* _WHAT NEEDS TO BE DONE_
Starting at the line below holding "Picture sleeve: RIVA" and stopping at the line holding "Multipliant les angles", print every line exactly, both ends included, and leave the rest out.

* _EXTRACTED RECORDS_
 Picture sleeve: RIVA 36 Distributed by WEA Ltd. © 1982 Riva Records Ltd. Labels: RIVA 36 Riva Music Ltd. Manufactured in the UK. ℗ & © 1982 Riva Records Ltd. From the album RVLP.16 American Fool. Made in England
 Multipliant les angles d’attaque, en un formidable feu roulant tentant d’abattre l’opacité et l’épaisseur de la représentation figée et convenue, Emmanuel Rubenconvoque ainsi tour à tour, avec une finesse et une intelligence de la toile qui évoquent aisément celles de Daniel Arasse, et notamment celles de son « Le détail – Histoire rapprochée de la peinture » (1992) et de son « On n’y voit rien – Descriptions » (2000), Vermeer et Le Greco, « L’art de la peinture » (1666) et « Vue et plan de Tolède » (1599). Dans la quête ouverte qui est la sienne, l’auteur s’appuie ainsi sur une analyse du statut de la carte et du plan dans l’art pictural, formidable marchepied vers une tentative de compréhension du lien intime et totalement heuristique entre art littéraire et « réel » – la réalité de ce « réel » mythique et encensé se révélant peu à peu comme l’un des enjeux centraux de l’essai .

...

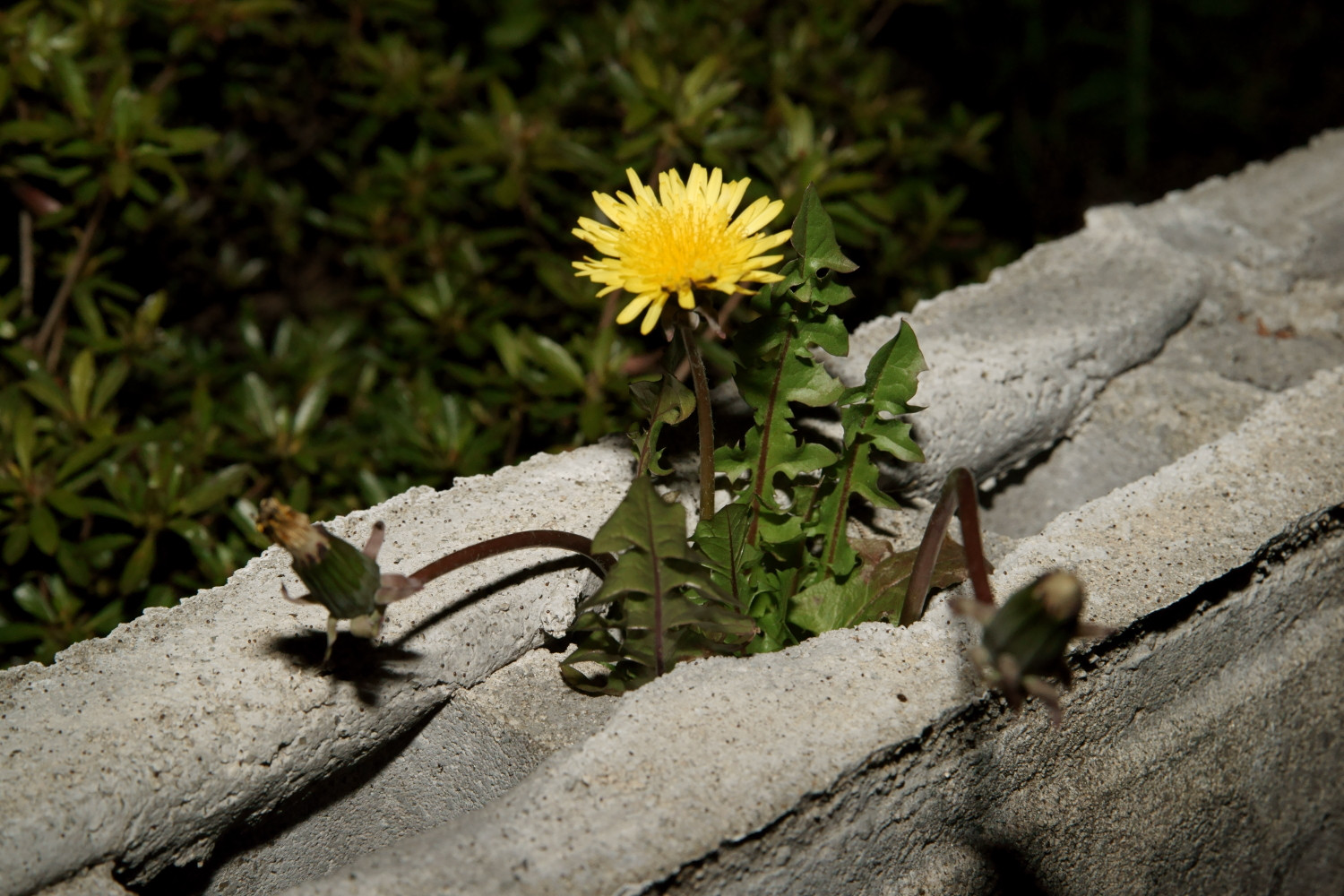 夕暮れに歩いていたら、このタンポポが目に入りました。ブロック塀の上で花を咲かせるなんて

* _RESULT OF THE TASK_
 Picture sleeve: RIVA 36 Distributed by WEA Ltd. © 1982 Riva Records Ltd. Labels: RIVA 36 Riva Music Ltd. Manufactured in the UK. ℗ & © 1982 Riva Records Ltd. From the album RVLP.16 American Fool. Made in England
 Multipliant les angles d’attaque, en un formidable feu roulant tentant d’abattre l’opacité et l’épaisseur de la représentation figée et convenue, Emmanuel Rubenconvoque ainsi tour à tour, avec une finesse et une intelligence de la toile qui évoquent aisément celles de Daniel Arasse, et notamment celles de son « Le détail – Histoire rapprochée de la peinture » (1992) et de son « On n’y voit rien – Descriptions » (2000), Vermeer et Le Greco, « L’art de la peinture » (1666) et « Vue et plan de Tolède » (1599). Dans la quête ouverte qui est la sienne, l’auteur s’appuie ainsi sur une analyse du statut de la carte et du plan dans l’art pictural, formidable marchepied vers une tentative de compréhension du lien intime et totalement heuristique entre art littéraire et « réel » – la réalité de ce « réel » mythique et encensé se révélant peu à peu comme l’un des enjeux centraux de l’essai .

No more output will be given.